(Saved data entries)

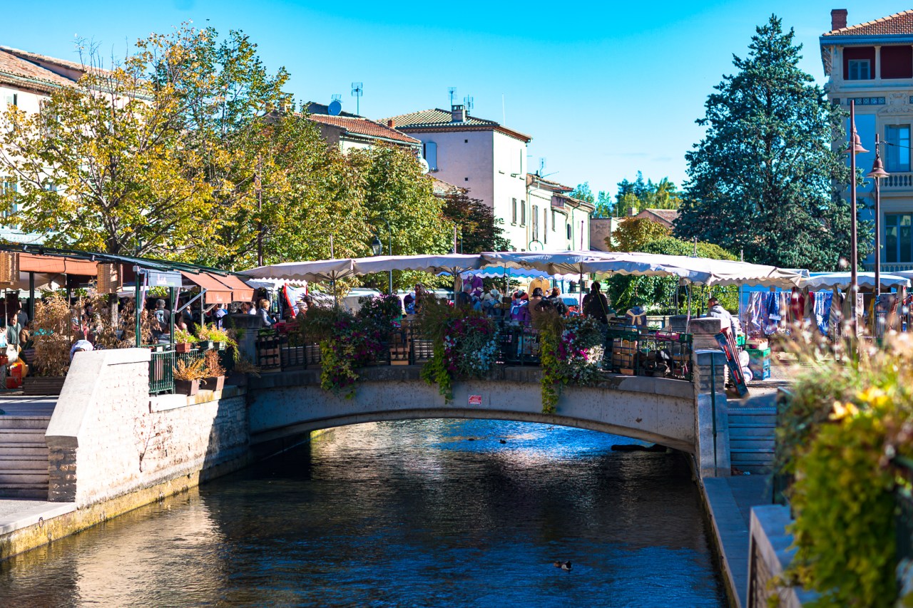 L’Isle-sur-la-Sorgue の街の中心部は、ソルギュ川の中州になっています。
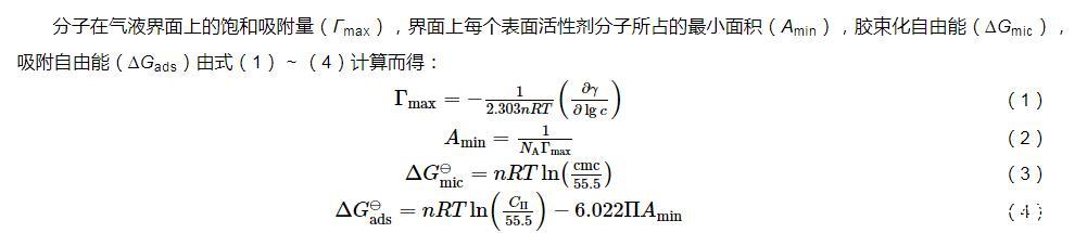 分子在氣液界面上的飽和吸附量(Γmax),界面上每個表面活性劑分子所占的最小面積(Amin),膠束化自由能(?Gmic),吸附自由能(?Gads)由式(1)~(4)計算而得:
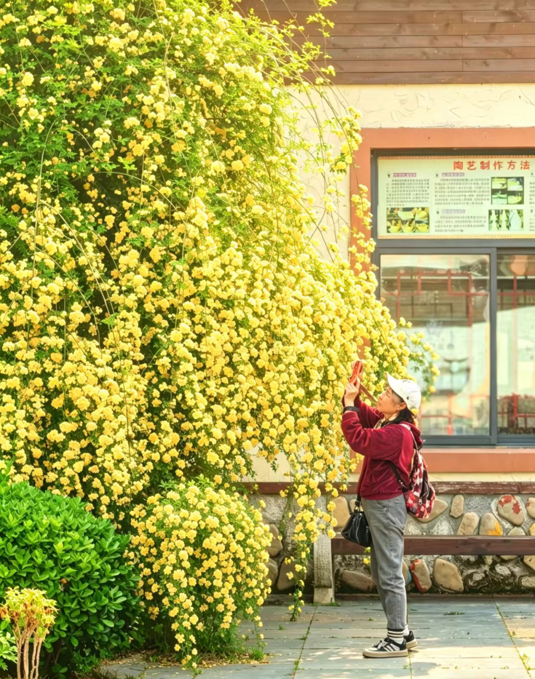 走进尧想国文旅区,了解尧帝文化,感受中华文明的源头。月季花开娇艳,色彩缤纷;月见草粉色的花瓣轻盈柔软,在微风中轻轻摇曳,宛如月光下的精灵;黄木香爬满花架,密密匝匝的黄色小花如瀑布般倾泻而下,芬芳馥郁。水,滋养了这片土地,也孕育了上古的传说。
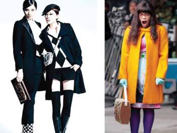 右:H形雙排扣大衣搭配白襯衣以及黑白菱形格毛衣,充滿學(xué)院派風(fēng)格,皮質(zhì)鴨舌帽和斜挎的小背包增加一絲俏皮感。下半身搭配迷你短褲和長及大腿的黑色筒襪,長襪和短褲之間露出大腿,充滿率真的性感味道!
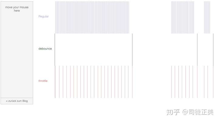 如果还是不能完全体会 debounce 和 throttle 的差异,可以到 这个页面 看一下两者可视化的比较。
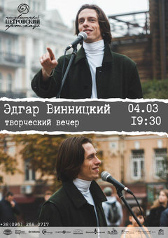 На творческий вечер 4 марта в «Неизвестный Петровский» мы пригласили поэта, спикера ТЕД, участника проекта «Голос» и музыканта Эдгара Винницкого. Автор будет читать собственные стихи и говорить о творчестве.
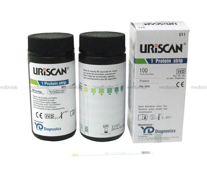 Тест-полоски URISCAN 1 Protein предназначены для качественного и полуколичественного определения уровня белка в моче. Выявление белка и оценка протеинурии имеют важное значение в диагностике различных заболеваний, как первичных, так и вторичных, связанных с почками. Мониторинг изменений в протеинурии позволяет оценить не только текущее состояние почек и мочевыводящих путей, но и эффективность назначения лечения, а также динамику патологического процесса. Высокая чувствительность теста (минимально определяемая концентрация) по определяемому аналиту: белок - 10 мг/дл альбумина. Тест-полоски URISCAN 1 Protein обеспечивают удобный и быстрый способ контроля за состоянием здоровья, способствуя раннему выявлению возможных нарушений. Упаковка: 100 шт/упак.
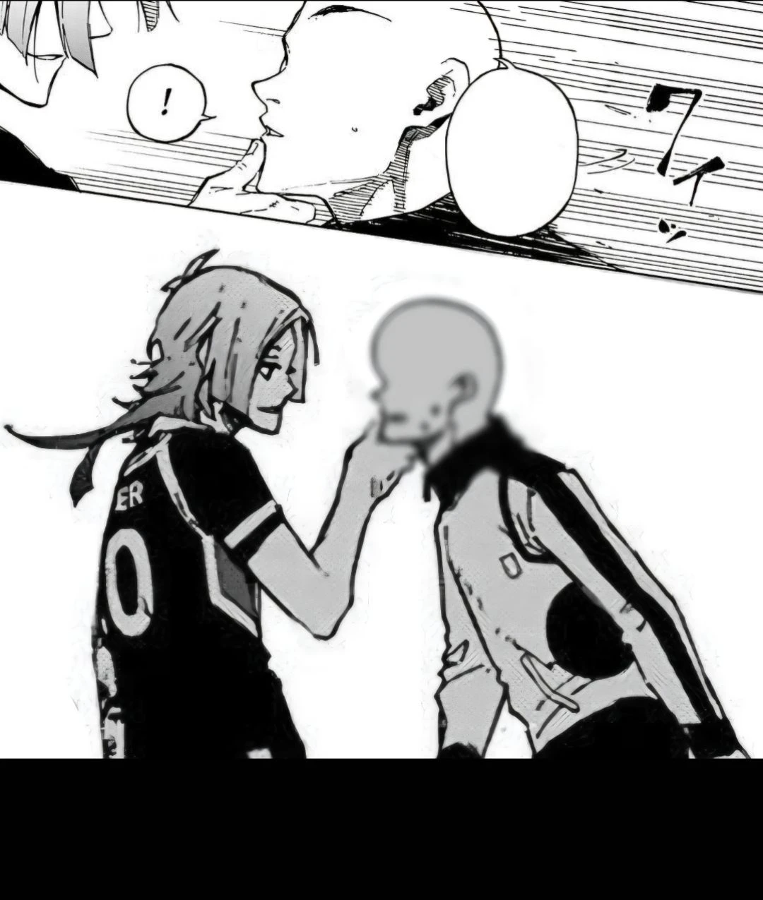 Guest의 턱을 잡고선 자신을 바라보게 한다. 그리곤 여전히 능글맞은 얼굴로 당황하는 Guest을 바라본다. 이제 그들의 얼굴 거리는 굉장히 좁다.
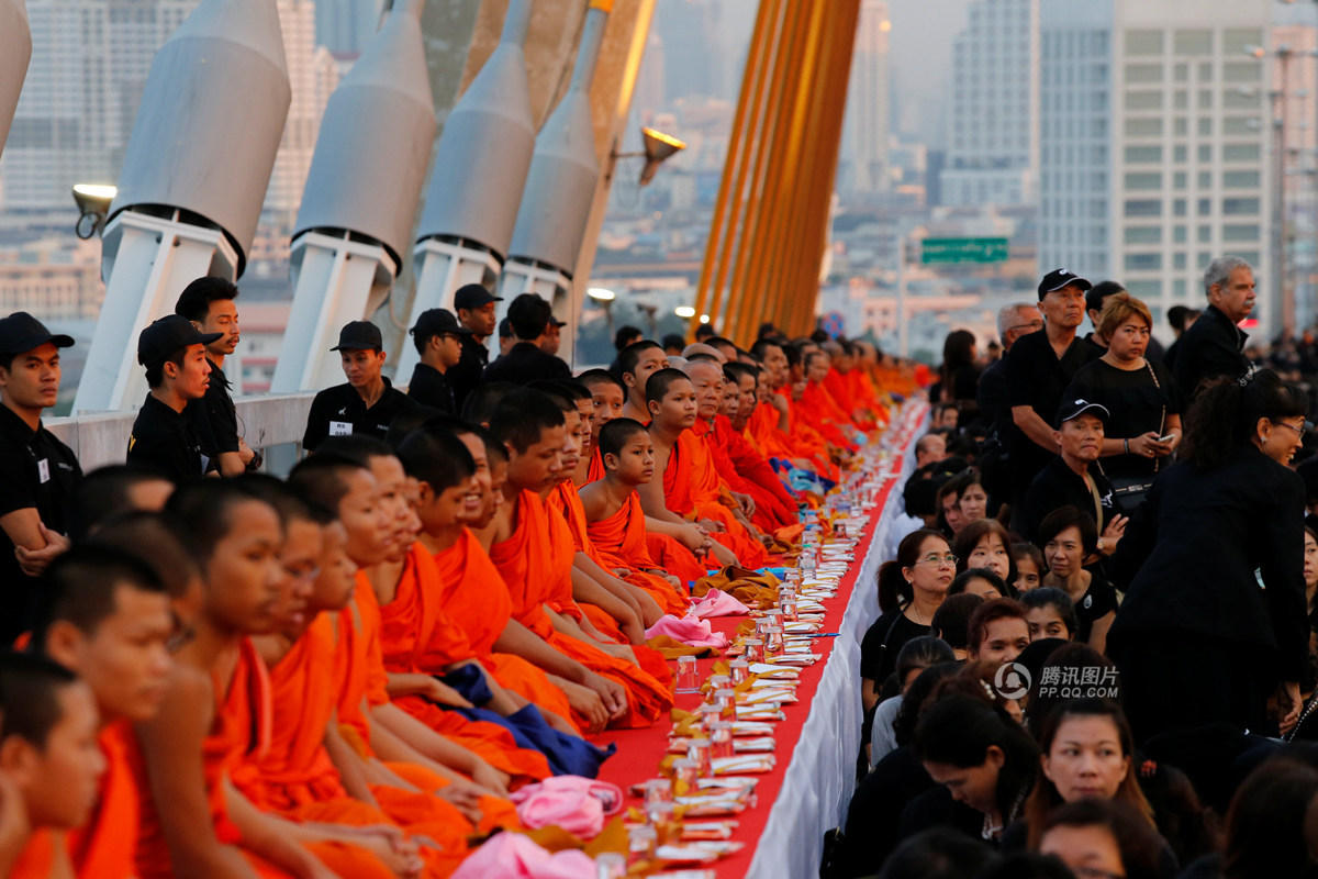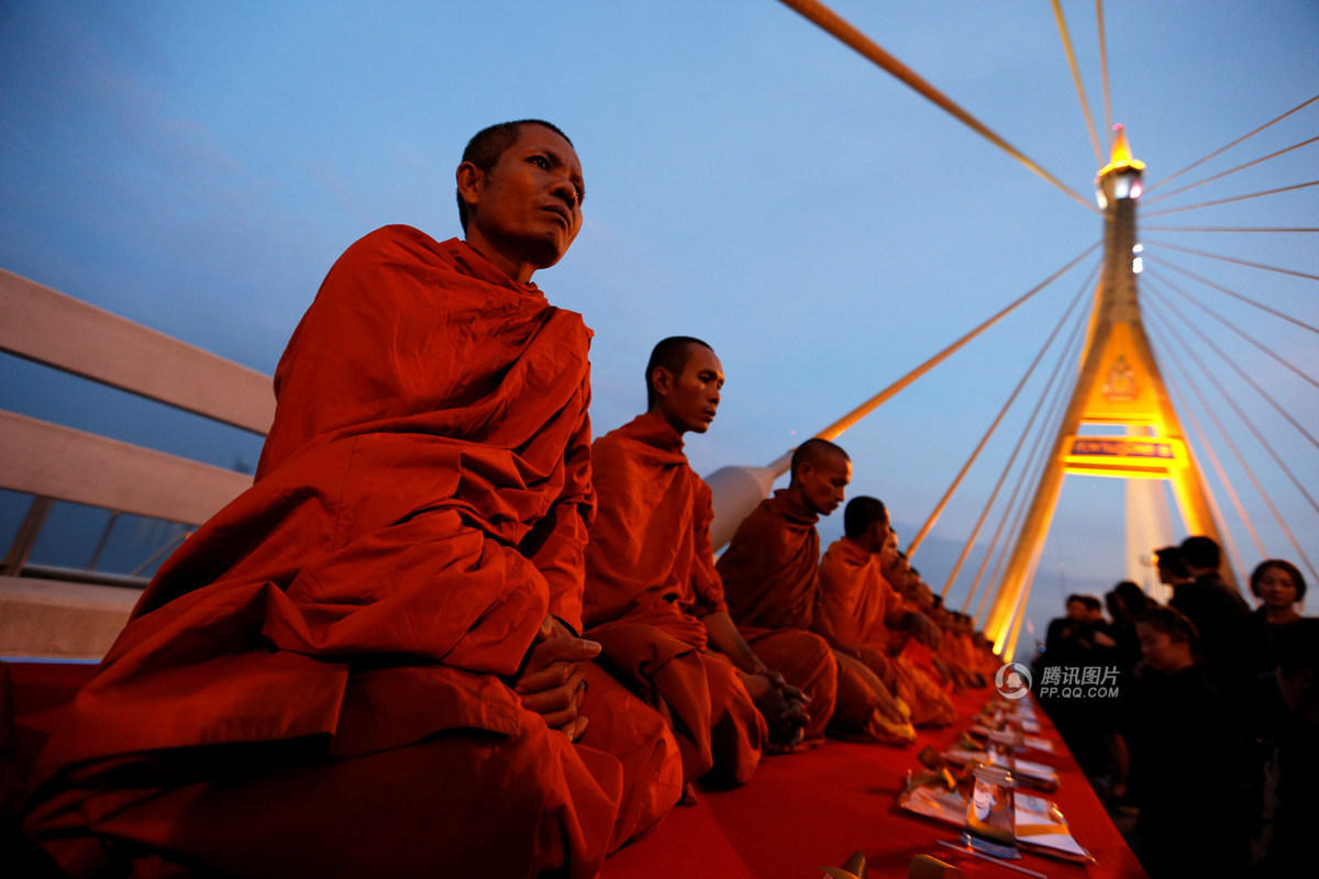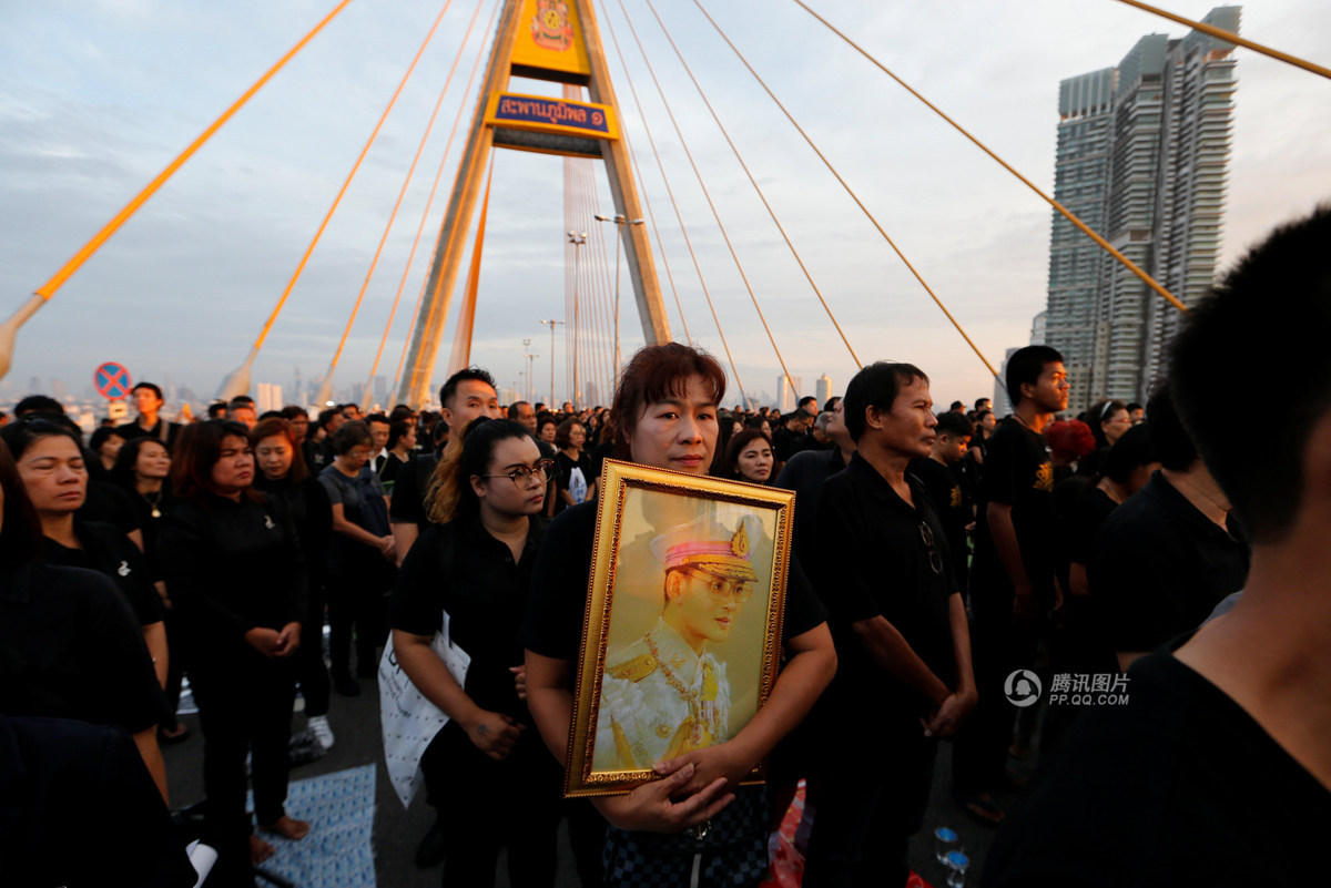 民众聚集在普密蓬一号大桥纪念普密蓬国王诞辰。

- [Task directions]: Pictures must be left out of the answer, which should be exactly the lines from the one holding "Guest의 턱을 잡고선" through the last line of the entries above, both included; please add nothing.

- [Task result]:
 Guest의 턱을 잡고선 자신을 바라보게 한다. 그리곤 여전히 능글맞은 얼굴로 당황하는 Guest을 바라본다. 이제 그들의 얼굴 거리는 굉장히 좁다.
 民众聚集在普密蓬一号大桥纪念普密蓬国王诞辰。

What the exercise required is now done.